In some embodiments, the 3′ engineering region may include the RNA protection motif and alinker for linking the RNA protection motif. The linker serves to link the RNA protection motif and the primer binding site in the epegRNA. In some embodiments, the linker for linking the RNA protection motif may contain an RNA sequence. In some embodiments, the linker for linking the RNA protection motif may contain a DNA sequence. In some embodiments, the linker for linking the RNA protection motif may be 1, 2, 3, 4, 5, 6, 7, 8, 9, 10, 11, 12, 13, 14, 15, 16, 17, 18, 19, 20, 21, 22, 23, 24, 25, 26, 27, 28, 29, 30, 31, 32, 33, 34, 35, 36, 37, 38, 39, or 40 nt or greater in length, or may be of a length within a range set by any two values selected from the above-described values. In some embodiments, the linker for linking the RNA protection motif may be designed to avoid base pairing interactions between the linker and the PBS or between the linker and the spacer of the pegRNA. In some embodiments, the sequence of the linker for linking the RNA protection motif may be designed in consideration of the sequence in the target region of the target DNA molecule.

Hereinbelow, various prime editing versions developed on the basis of the prime editor protein and the pegRNA, the basic elements of prime editing, are to be illustrated. Prime editing is not limited to the versions illustrated below.

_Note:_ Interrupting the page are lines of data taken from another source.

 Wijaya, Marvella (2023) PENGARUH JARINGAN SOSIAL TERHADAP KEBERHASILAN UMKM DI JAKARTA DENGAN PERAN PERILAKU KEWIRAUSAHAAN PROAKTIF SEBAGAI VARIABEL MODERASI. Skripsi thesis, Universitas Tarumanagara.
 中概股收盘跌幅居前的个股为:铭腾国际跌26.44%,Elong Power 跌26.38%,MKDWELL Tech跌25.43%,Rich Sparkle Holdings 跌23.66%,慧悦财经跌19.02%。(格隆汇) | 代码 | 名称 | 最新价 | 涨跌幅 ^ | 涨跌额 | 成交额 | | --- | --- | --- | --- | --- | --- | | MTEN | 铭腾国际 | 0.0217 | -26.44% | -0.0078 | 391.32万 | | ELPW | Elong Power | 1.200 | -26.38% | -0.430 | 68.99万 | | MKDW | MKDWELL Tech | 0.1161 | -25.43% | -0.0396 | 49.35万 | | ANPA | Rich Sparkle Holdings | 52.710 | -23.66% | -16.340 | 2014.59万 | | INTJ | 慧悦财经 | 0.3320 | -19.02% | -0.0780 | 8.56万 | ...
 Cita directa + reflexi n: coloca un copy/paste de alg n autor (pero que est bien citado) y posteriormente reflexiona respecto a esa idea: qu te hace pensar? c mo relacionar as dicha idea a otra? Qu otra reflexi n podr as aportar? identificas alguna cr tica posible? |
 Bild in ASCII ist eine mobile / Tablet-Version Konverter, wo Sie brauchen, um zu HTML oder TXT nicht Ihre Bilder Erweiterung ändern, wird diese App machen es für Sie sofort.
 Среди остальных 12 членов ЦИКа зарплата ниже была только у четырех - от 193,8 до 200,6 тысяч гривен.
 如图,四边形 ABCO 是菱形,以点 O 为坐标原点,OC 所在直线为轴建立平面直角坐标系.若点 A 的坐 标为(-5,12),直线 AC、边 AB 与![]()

Examples of Prime Editing Versions
Overview of Examples of Prime Editing Versions

Various prime editing versions have been developed on the basis of the above-described core mechanism of prime editing. For the benefit of technologists in the art, examples of prime editing versions are to be explained. A method for finding off-targets in prime editing, provided by the present application, may use prime editor proteins in many prime editing versions illustrated below, many types of pegRNAs including epegRNAs, and/or additional elements such as a dnMLH1, but are not particularly limited. Furthermore, the method for finding off-targets in prime editing, provided by the present application, may also be applied to the prime editing versions illustrated below and to new prime editing versions to be developed later. Thus, it should be noted that the prime editing versions illustrated below do not limit the range of application of methods provided by the present application.

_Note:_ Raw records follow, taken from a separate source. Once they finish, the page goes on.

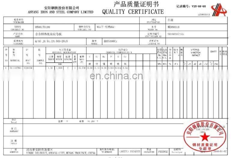 f) Strict quality control for hot rolled Checkered sheet /plate
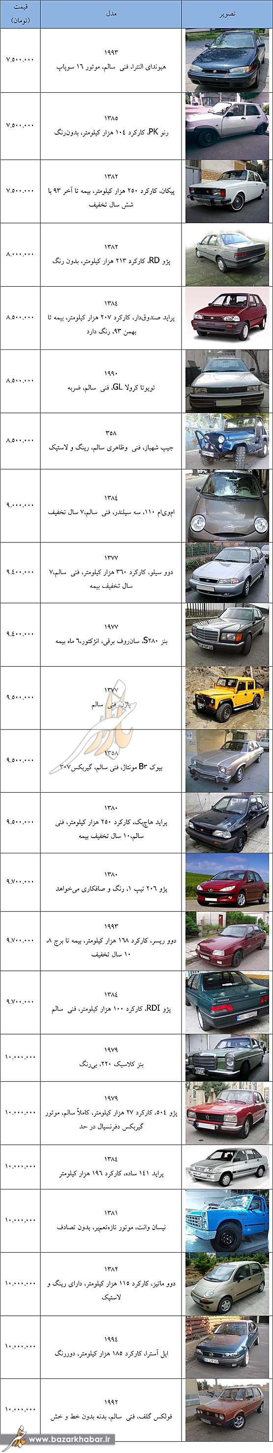 جدول زیر که لیست جدول قیمتی از ارزانترین (10 میلیون تومان و پایینتر) خودروهای بازار است، مصداق گفتههای بالا است.
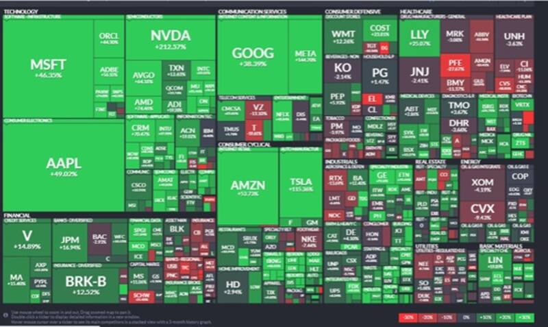 Esto demuestra que la gran mayoría de las acciones en Wall Street están con un saldo positivo.
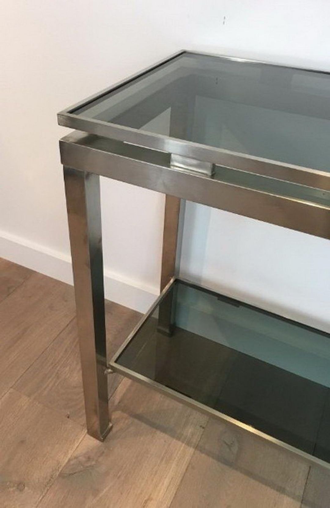 An elegant two-tier console in brushed steel with characteristic rivet detailing, the top surface and lower shelf in smoky blue-tinted glass. Designed by Guy Lefèvre for Maison Jansen, circa 1970. W. 117 × D. 37 × H. 71 cm.
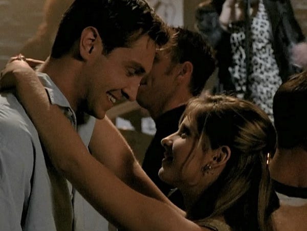 Buffy gets to The Bronze where everyone is slow dancing. Oh no, Cordelia got to Owen first.
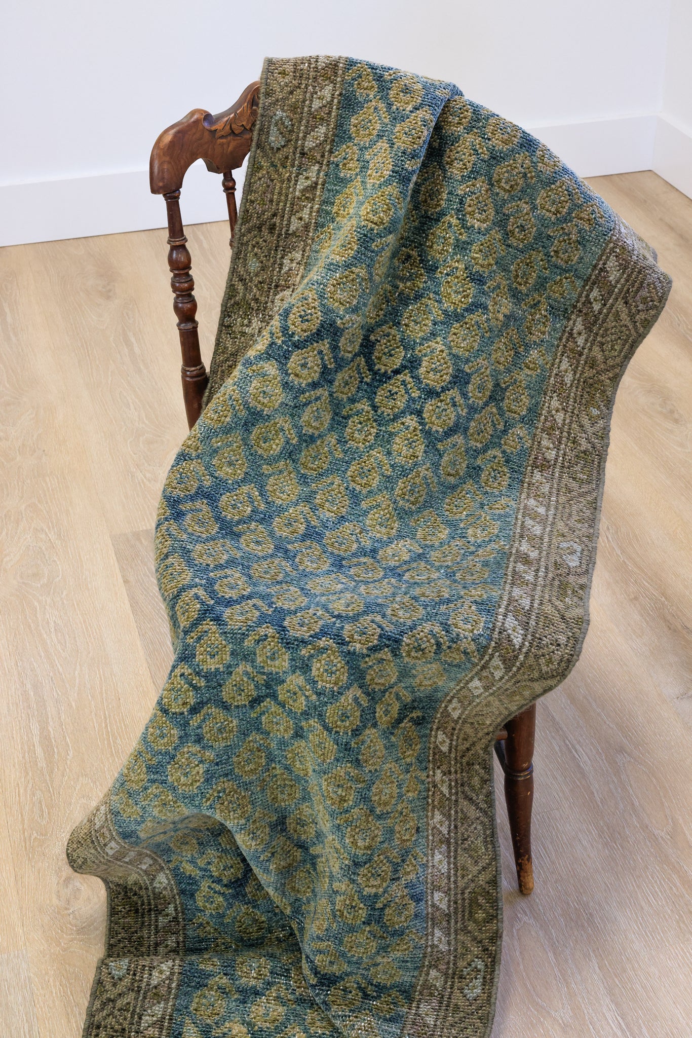 Because of the nature of this item, there may be slight imperfections in its wear, shape, dimensions, and color. Our rugs have been repaired over the years using various techniques. There might be evidence of these repairs through texture, look and feel. This is all part of the rich history and story of each artistic piece. These markings are not considered defective.
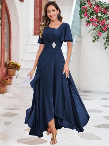 • Features: Chiffon mother of the bride dress, classy v neck, tea length, short flutter sleeves, a line, ruffles, backless, built-in bra, lace-up back, long formal evening gown, ruched waist decorated with sparkly beads, makes you look modest and elegant
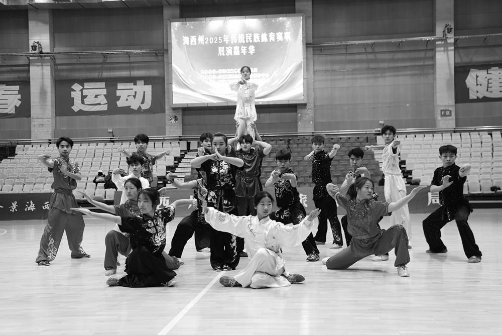 比赛前,进行了传统武术展演。多种拳种轮番登场,刚柔并济的招式尽显武术豪迈,融入多民族文化特色的套路舒展大气。表演者们拳脚生风、身法灵动,展现了“展打斩劈”的硬核技法,传递着自强不息的武术精神,让观众沉浸式感受武术的深厚底蕴与传承活力。格尔木市代表队的张博鸣说:“武术是刻在中国人骨子里的力量,为了准备展演,我们早早排练、打磨动作,力求完美呈现,希望武术能在新时代焕发新活力!”
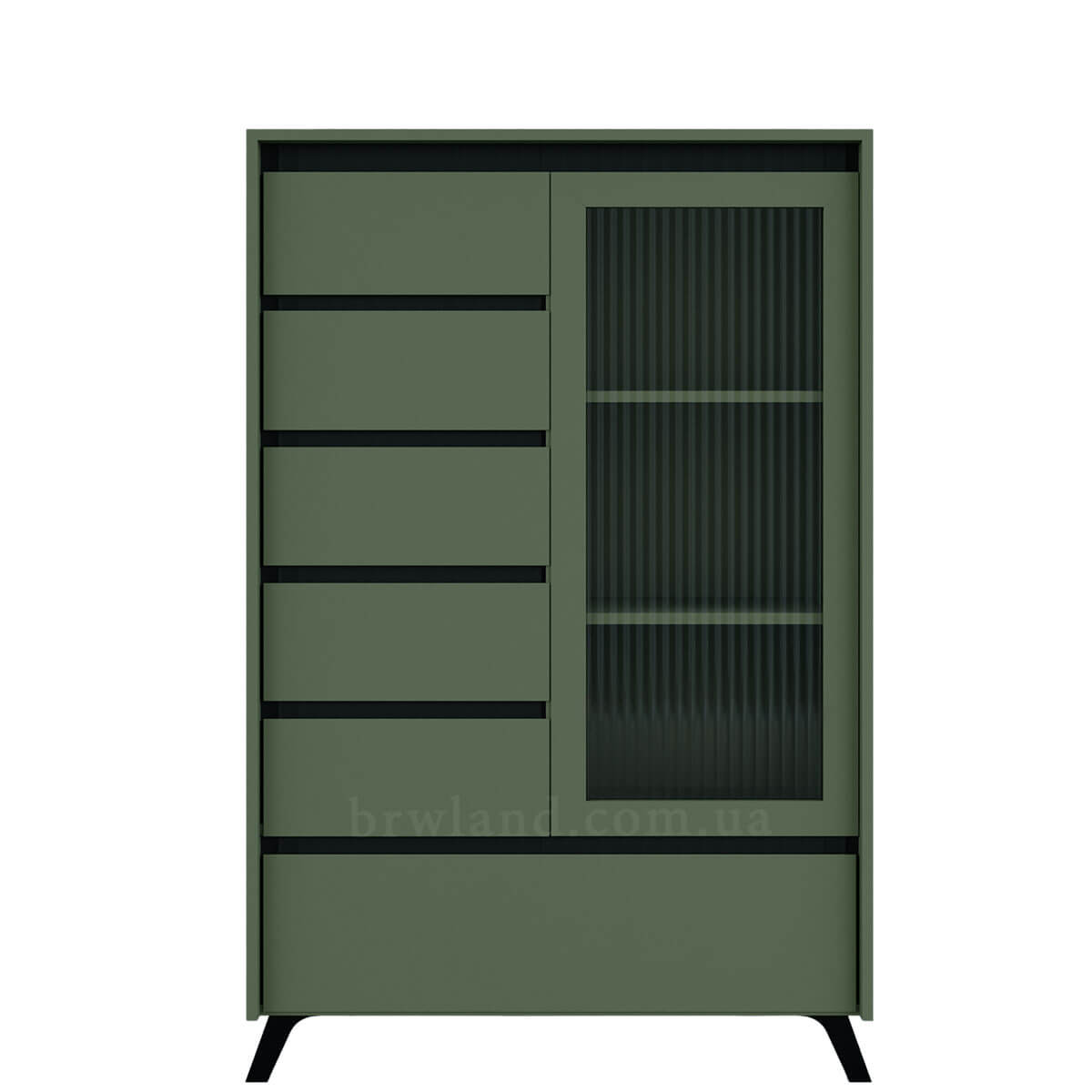 Вітрина ЛАУНДЖ БРВ REG1W5S1K зелений димчастий / чорний 2 двері 5 шухляд

Prime Editing Version 1 (PE1)

Prime Editing Version 1 (PE1) describes a prime editing system version including the use of the following elements:

- a prime editor protein including SpCas9 (H840A) and a wild-type Moloney murine leukemia virus reverse transcriptase (MMLV RT); and
- a peg RNA.

In other words, the PE1 prime editor protein includes the Cas protein having nickase activity and the wild-type MMLV RT. The PE1 prime editor protein has a form of a fusion protein in which the Cas protein and the reverse transcriptase are linked via a linker.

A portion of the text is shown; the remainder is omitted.